Although traveling at night in the fall or winter offered the best chances for escaping, most enslaved people did not have maps or compasses to guide them. A freedom-seeker's ability to navigate was often a matter of life and death. Taught to navigate by Black Jacks, free African-American sailors, Tubman used the North Star as her guide saying, "God's time is always near. He set the North Star in the heavens. He gave me the strength in my limbs. He meant I should be free."

Although most couldn't read or write, those making escapes could find the star by locating the Big Dipper -- also called the Drinking Gourd -- which is most visible in the night sky during late winter and spring. Their eyes would follow the Big Dipper across the sky until they spotted the North Star.

As the National Park Service notes, "The night sky is a canvas of stories that links us to this past. National parks are among the best places to see the stars and hear these stories. The next time you gaze at the stars, think on the drinking gourd story and those early Americans who staked their freedom on a star."

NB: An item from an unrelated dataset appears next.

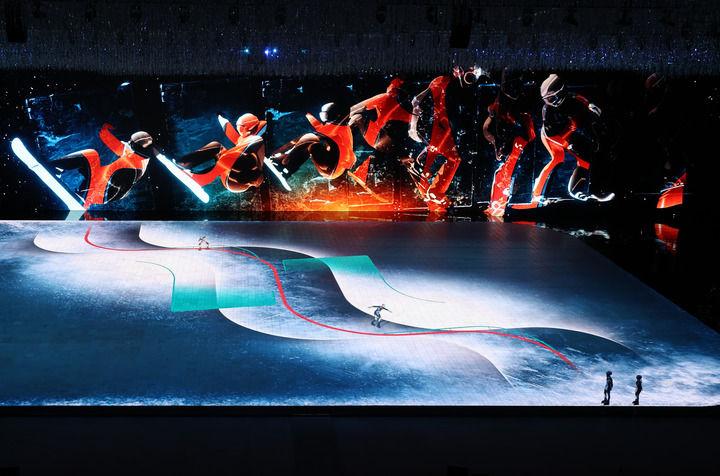 作为下一届亚冬会举办城市,来自沙特阿拉伯未来新城的文艺表演舞姿曼妙,鼓点欢快,洋溢着浓郁的西亚风情。顷刻间,整个舞台化作冰雪运动场,光影穿梭的运动员号召着下一次相约,在现场掀起新的高潮。

Gary Lewis drove down to the park with his friend, Carletta Cannon. He said it was this famous Tubman quote that affected him the most: "There was one of two things I had a right to, liberty or death -- if I could not have one, I would have the other."

"Being like a 5' 2" black woman born on the Eastern Shore of Maryland in slavery to now, in 2020, to still be talking about and in awe of what she has done is her legacy. Because there are many who didn't make it across the Atlantic," Lewis told AccuWeather. "She had sisters who were sold and we don't know their names, we don't know their stories but we do know her and that comes from her saying, 'Nah, I'm gonna take my life into my hands,' so, for me, that's what her legacy is."